Valora muy especialmente el compañerismo y la confianza que encontró en Montilla. El cariño y afecto es algo que se nota de forma palpable en las fotografías de su fiesta de despedida. Pero su etapa andaluza tocaba a su fin. En poco tiempo había aprendido mucho. Le sirvió para abrirse paso en el competitivo mundo de la publicidad, en el que triunfó con claridad al frente de su propia compañía, después de un breve paso por una multinacional francesa que tenía una importante sucursal en Madrid.
“Tenía una agencia en la Gran Vía de Madrid con treinta personas. Pero al poco tiempo, en año y medio o así, monté mi propia empresa, con la que hice servicios a firmas de primer orden. Puse en práctica lo que aprendí en Montilla en todos aquellos años, un periodo de mi vida realmente extraordinario”.
“Siempre he tenido un sentido del humor muy desarrollado, lo que me ha servido para salir airoso de muchas situaciones. En Montilla, se estilaba mucho eso de poner el 'don' delante del nombre: don Álvaro, don Fernando, etcétera. Pero a mí, como alemán, el 'don Gernot' me sonaba fatal. Así que llegué a un acuerdo con la empresa para que en la bodega fuera el señor Dudda”.
“Era algo que sonaba bien a todo el mundo, siempre fui el señor Dudda, hasta tal punto que, pasado el tiempo cuando volvía de visita a la bodega, los compañeros paraban la máquina de embotellar y salían fuera para darme un abrazo, diciendo: hombre, señor Dudda ¿qué hace usted aquí? Treinta años después no podía andar por el centro de Montilla sin cada treinta metros saludar a alguien. De verdad, la gente me quería”.
“En los años que estuve allí, creé en mi despacho el tacómetro, un aparato para medir la cantidad de palabrotas. Era un botijo con una rendija para meter monedas. El que entraba allí y soltaba un taco tenía que depositar una moneda en el recipiente. Y cuál fue nuestra sorpresa cuando comprobamos que el tacómetro estaba bastante lleno; entonces con el dinero reunido, que era bastante, invité a los empleados a una cena en una peña flamenca”.
“Allí, rompimos el envase y lo que estaba dentro, todas aquellas monedas, se transformaron en vino y en jamón del bueno. Fue una buena invención, con la que conseguí que poco a poco no hubiera más tacos en mi despacho. Conocía a gente que venía con tres o cuatro monedas para poder emplear alguna expresión malsonante”.
“Cuando se estrenó el nuevo edificio de la bodega todo se fue modernizando. Me llamó la atención que, al principio de mi relación con la bodega, todavía había oficinistas con manguitos. Al principio me asusté, porque en el edificio antiguo teníamos empleados que estaban trabajando en el pupitre alto con mangas blancas en los brazos, con tinta y con pluma, haciendo los apuntes de contabilidad.
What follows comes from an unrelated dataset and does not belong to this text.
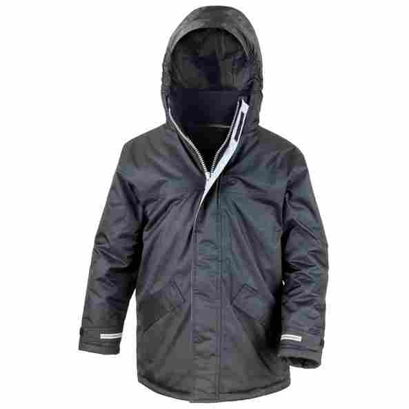 Waterproof-StormDri 2000. Windproof. Fully taped waterproof seams. Long fit. Super warm. Quick drying. Concealed 3 panel hood in collar with hood size adjuster.Full front heavy 7mm zip fastening. 2 Concealed front pockets with under storm flaps with super warm fleece linings. Tear release cuff strap and reflective tape cuff detail. Strom flap. Fleece trim on inside of collar. Reflective tape cuff detail. Reflective safety tape across lower back. Name and class tag inside left hand pocket. Reflective tape cuff detail. Fleece lining in pockets to keep hands warm. Adjustable drawcord hem (EN14682 compilant).Decoration Guidelines:Decorating methods: Embroidery, Direct print, Transfer print & Screen print transfer. Decorators access point: Full hem & left chest Washing Instructions 40 degrees. Do not bleach. Iron on a low heat. Do not tumble dry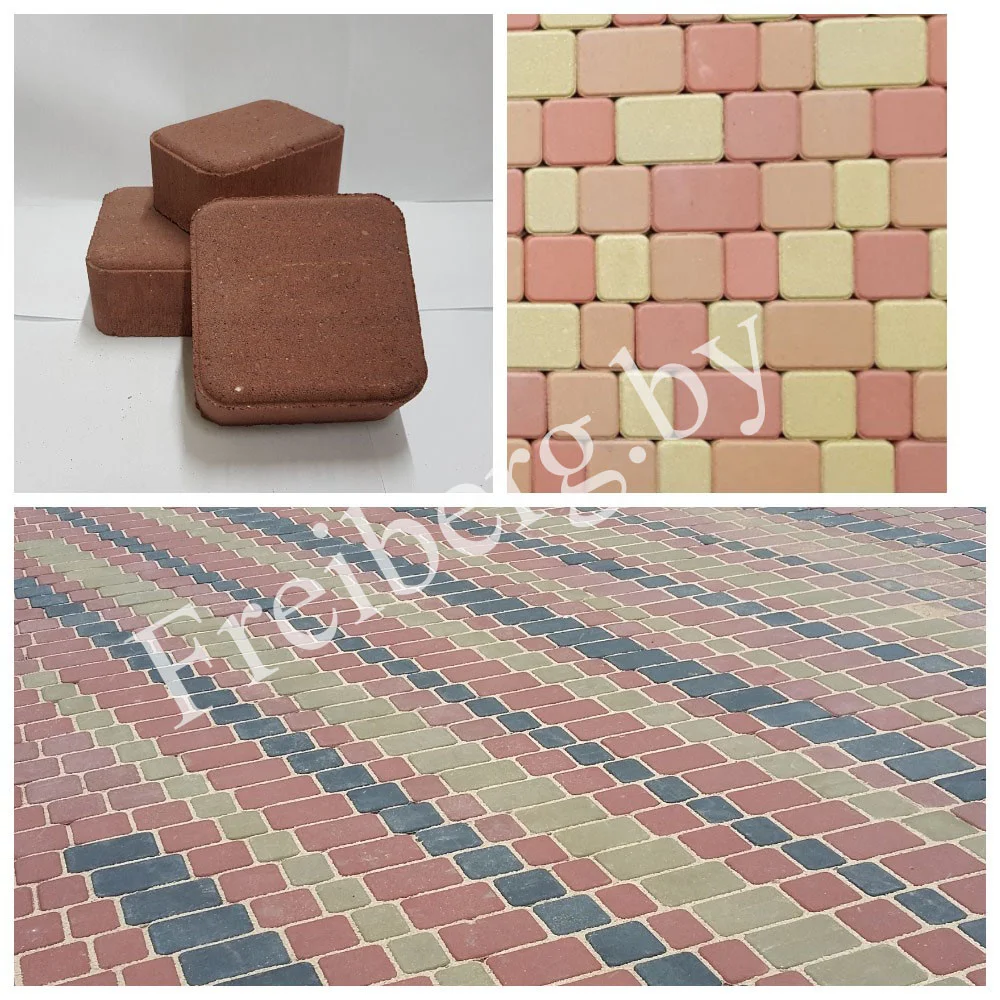 У нас можно приобрести тротуарную плитку как серую, так и в цвете. Цветная тротуарная плитка и борта на нашем предприятии производиться только методом полного окрашивания. Данный метод позволяет равномерно окрасить изделие полностью.

Figúrate mi sorpresa, porque yo venía de hacer mis prácticas en Alemania en una empresa norteamericana, la General Electric. Dónde he ido a parar, me decía”.
“Pero todo esto cambió con las nuevas instalaciones, que tenían una sala de degustaciones, despachos, vestíbulos y diferentes espacios para reuniones en dos plantas. Despachos individuales, con aire acondicionado y toda clase de comodidades para empleados y visitas. De esa forma, Alvear dio un paso enorme para su actualización”.
El sentido práctico con el que se ha guiado en la vida le dice que su estancia en Montilla resultó afortunada. Le tocó la difícil papeleta de consolidar y ensanchar el mercado externo, una misión siempre complicada a pesar del prestigio internacional de la familia Alvear, que fue pionera a la hora de comercializar sus productos en Europa. Aplicó disciplina germana en su cartera de clientes. Y logró una buena cuenta de resultados gracias a su ventajoso conocimiento de las costumbres, gustos y tendencias enológicas en el viejo continente.
“Mi labor en el departamento de márquetin fue bien valorada. Es algo de lo que estoy seguro, porque de lo contrario me habrían echado. Las cuentas de la empresa, los índices de rentabilidad era alto secreto para quienes integraban el consejo de administración. La presidenta de este órgano de gobierno era una de las abuelas de la familia Alvear. Mandaba un montón. No se podía emitir un spot de televisión sin que ella diera su visto bueno. Si a ella no le gustaba una rosa, había que poner un clavel, por decirte un ejemplo tonto”.
“Mientras estuve en El Puerto de Santa María, mis visitas y todo mi programa de trabajo estaban planificado por completo, con una agenda muy cerrada. Tenía que dar cuenta de todo lo que yo hacía, de los viajes por el extranjero para ampliar negocios. Tenía que explicar mi cometido profesional con pormenores: lo que había vendido en Dinamarca, aunque fuera poco, o en cualquier otro país; todo pasaba por el seno del consejo de administración. Allí, esto de vender un barril en tierras danesas, se contaba como una proeza”.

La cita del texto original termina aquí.